United has a bunch of code share through ticketing with Amtrak on the NEC through EWR. That is what also drives the Club Acela/United Club reciprocal arrangement.


----------



## BCL (May 6, 2017)

railiner said:


> Airlines, and railroads (even Amtrak) used to have quite a few so-called "City Ticket Offices" or "Joint Airline Ticket Offices" in popular locations away from airports (or train stations) to increase their marketing abilities.
> 
> Most of these have disappeared thru the years, mainly because of online self-ticketing, as well as the expense of paying carrier wages and benefits to the employees staffing those offices...

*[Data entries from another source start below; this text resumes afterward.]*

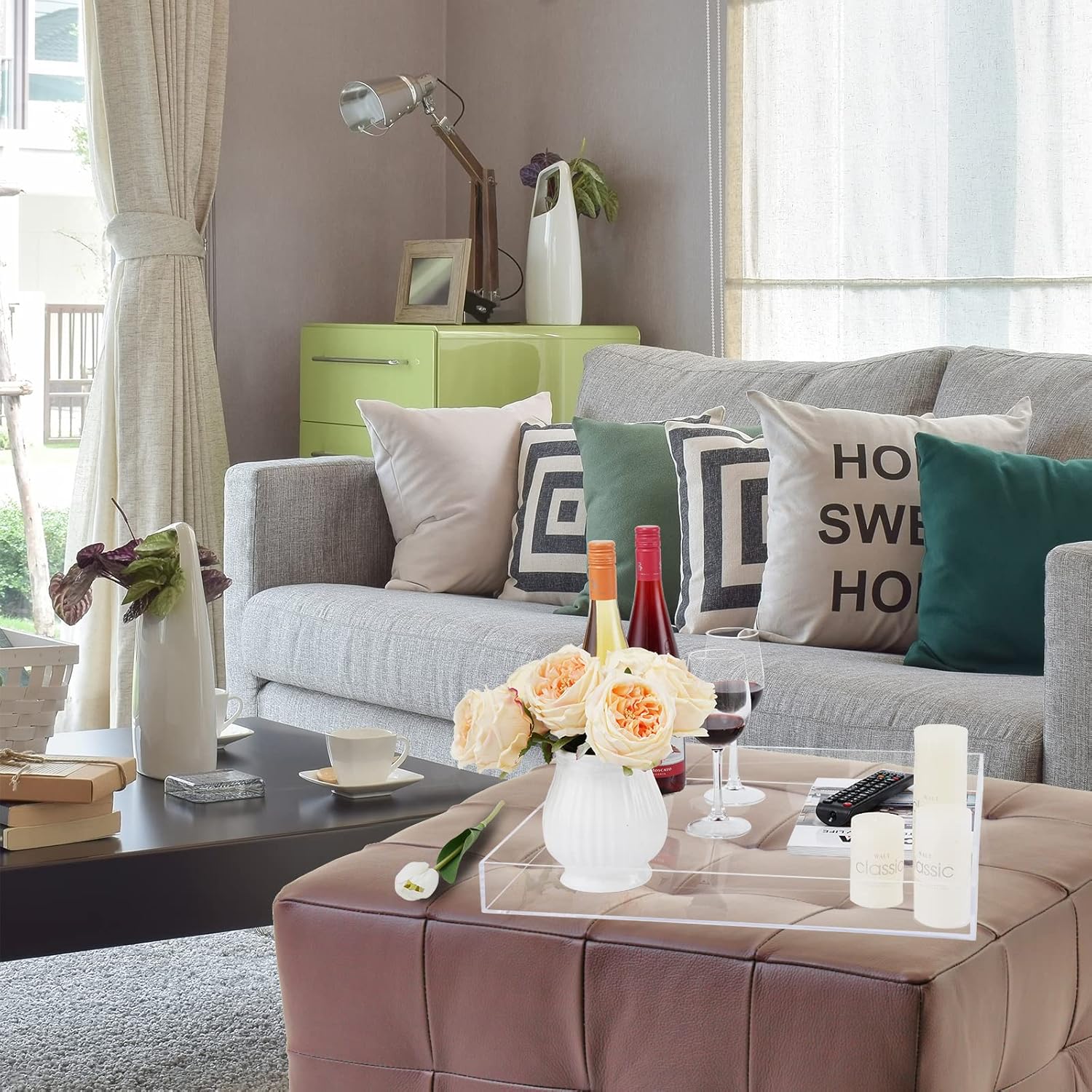 18×18 Inches Clear Acrylic Serving Tray with Handles Extra Large Ottoman Tray Decorative Trays Spill-Proof Coffee Table Space Saver Oversize Counter top Organizer Platter with Safe Edge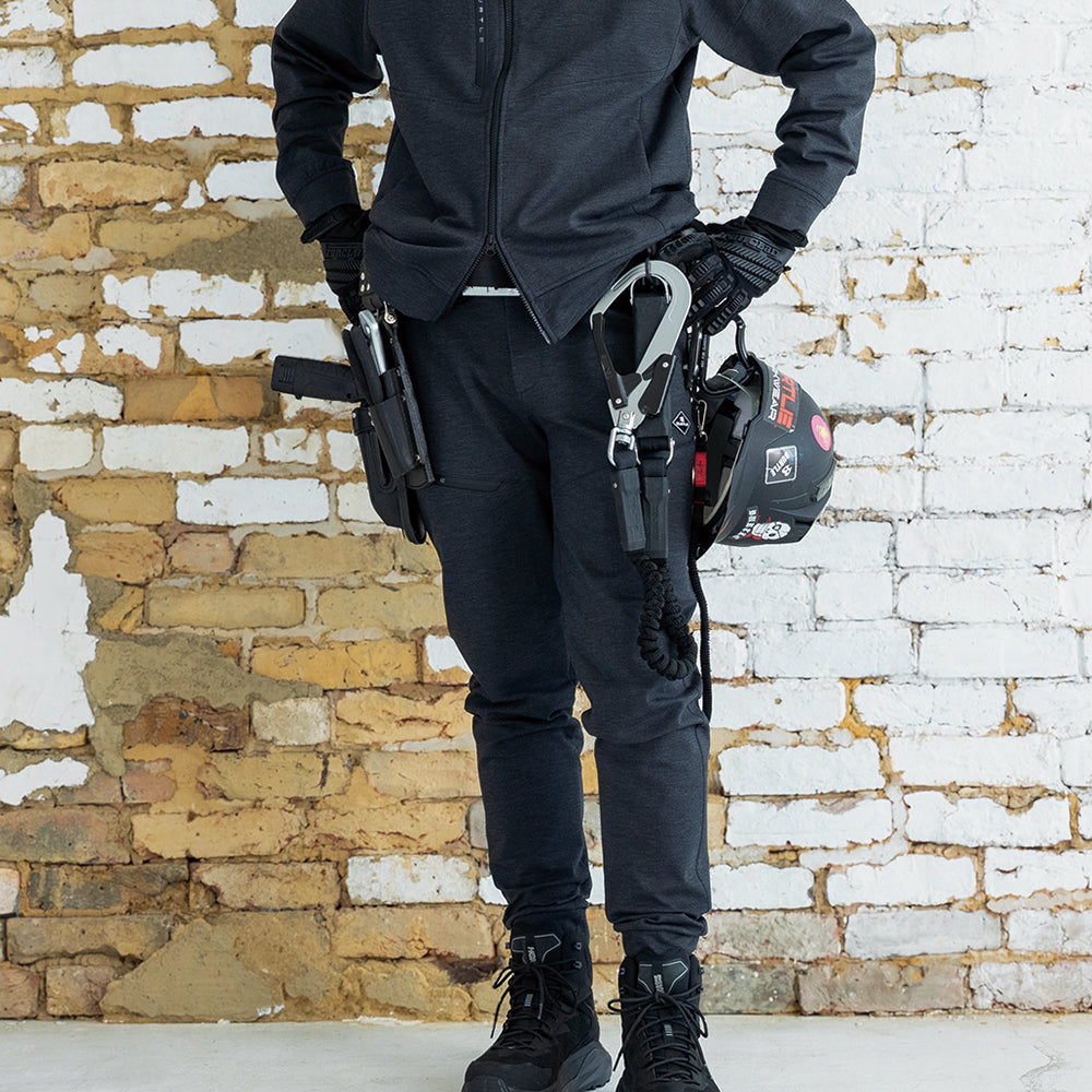タフなワークシーンにフィットする高強度なコーデュラニットを使用しスポーツのユーティリティ性を追求したテックウェア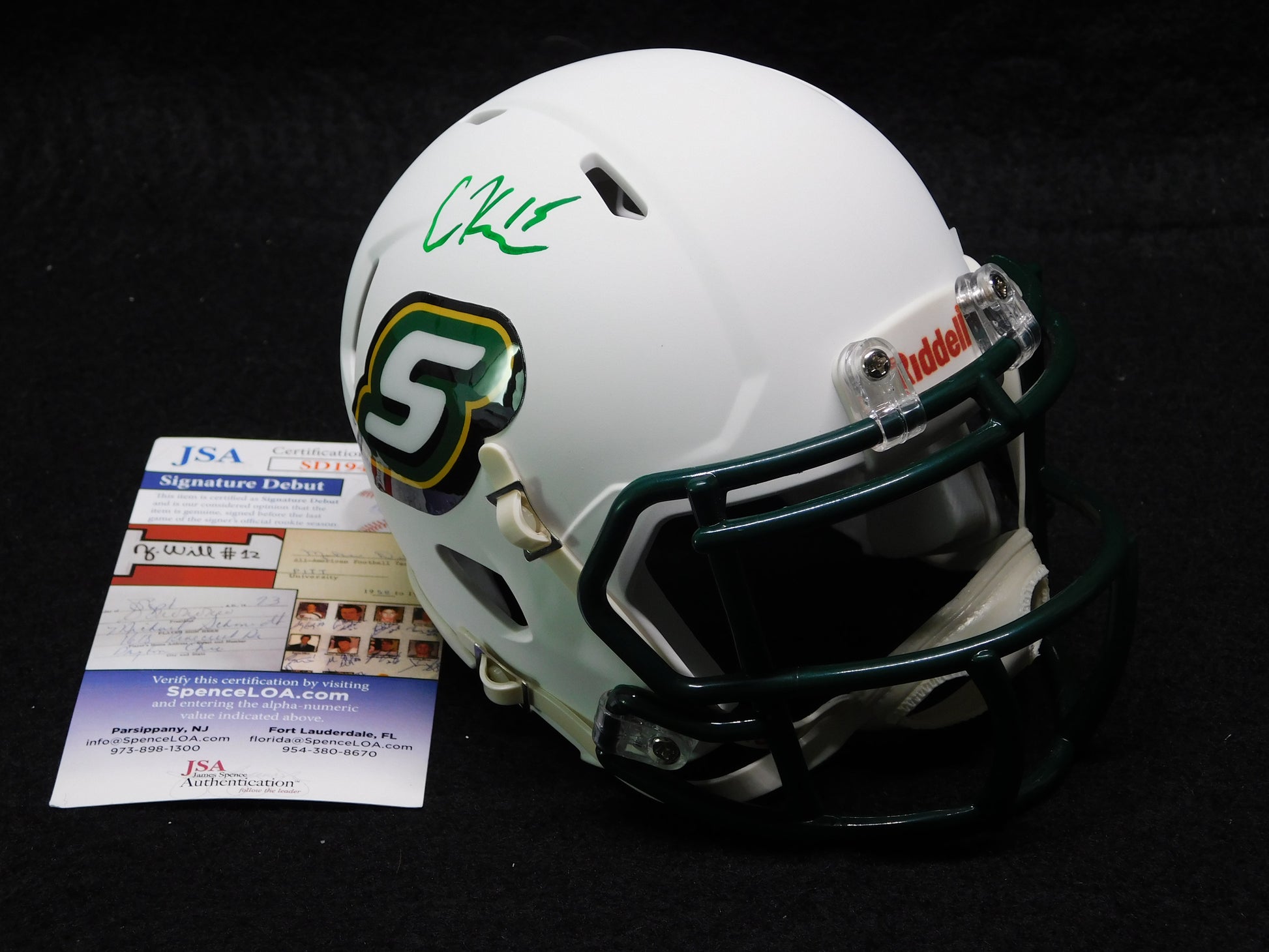 This is a Cole Kelley signed Southeastern Louisiana Lions speed mini helmet, authenticated by James Spence Authentication (JSA). This collectible item is a must-have for fans of football and the Southeastern Louisiana Lions. The autograph adds an extra value and authenticity to the helmet, making it a unique piece of sports memorabilia for any fan or collector. Displaying this signed helmet in your home or office is a great way to show your support for the team and player.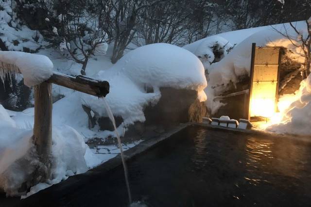 そして上の写真は雪見の湯。最初にお湯が流れてくるので、少し熱めかもしれません。とはいっても41、2度。この時はあまり雪がありませんでしたが、雪が積もると下の写真のようにさらに風情がありますね。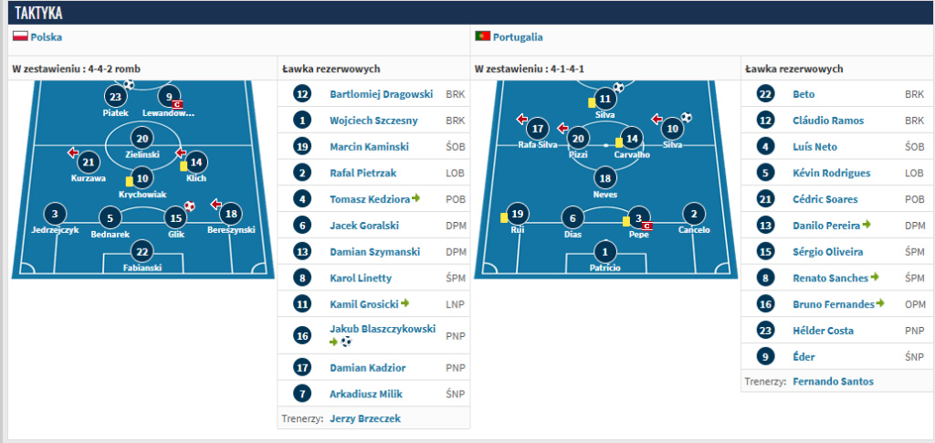 Po dobrym początku „Biało-czerwonych” Portugalczycy wykorzystali rzut rożny. Po dośrodkowaniu Renato Sanchesa gola zdobył Andre Silva. Był to zaskakująco dobry mecz Polaków. W poprzeczkę uderzał Kędziora, szanse mieli Milik, Frankowski, Zieliński. Po nieco ponad godzinie gry Arkadiusz Milik przewrócił się w polu karnym po odbiorze Danilo Pereiry. Sędzia Sergey Karasev podyktował rzut karny i wyrzucił Portugalczyka z boiska. Kto wie, czy werdykt zostałby podtrzymany, gdyby w tamtym spotkaniu był VAR.

Yeah, I'm quite familiar with that. In San Francisco it was around the Union Square area, where many occupied some of the prime ground floor spots that are now occupied by stores. I also knew a travel agent who did a lot of business with many of airlines (mostly foreign airlines) that might have a sales office in an office building in San Francisco, even if their airline didn't fly out of San Francisco. What I especially remember was that China Airlines (the flag carrier of Taiwan) had a prime corner location that's now occupied by Starbucks.

United barely has any of these now. I do remember being on vacation in China when we had to make a flight change, and it was far easier to go to their ticket office in Shanghai there to sort things out, although we could have done it at the airport. It was a United flight but booked through a travel agent.


----------



## railiner (May 6, 2017)

BCL said:


> railiner said:
> 
> 
> > Airlines, and railroads (even Amtrak) used to have quite a few so-called "City Ticket Offices" or "Joint Airline Ticket Offices" in popular locations away from airports (or train stations) to increase their marketing abilities.
> ...


IIRC, Amtrak had several in the New York City area....besides the ones at Penn Station, and Grand Central Terminal, they had city ticket offices at the World Trade Center, Rockefeller Center, another on E. 59th Street, one at their former Eastern Reservation Sales Office (call center), in Carle Place, Long Island, and I think in Downtown Brooklyn....

there were some others in other major cities around the country...I remember they had one even at the Pentagon...


----------



## Palmetto (May 6, 2017)

This all started with Continental Airlines, prior to the merger.


----------



## BCL (May 6, 2017)

Palmetto said:


> This all started with Continental Airlines, prior to the merger.


How long did that take? I'm seeing it opened in July 2015, but the merger was in 2011.


----------



## jis (May 7, 2017)

The relationship Between Amtrak and United in this round was inherited by United from Continental. As for when a specific ticket office opened as part of the deal, I don't know. There was a Continental and then United checkin counter at NY Penn Station for a while until it was replaced by an expanded NJT ticket office for a while.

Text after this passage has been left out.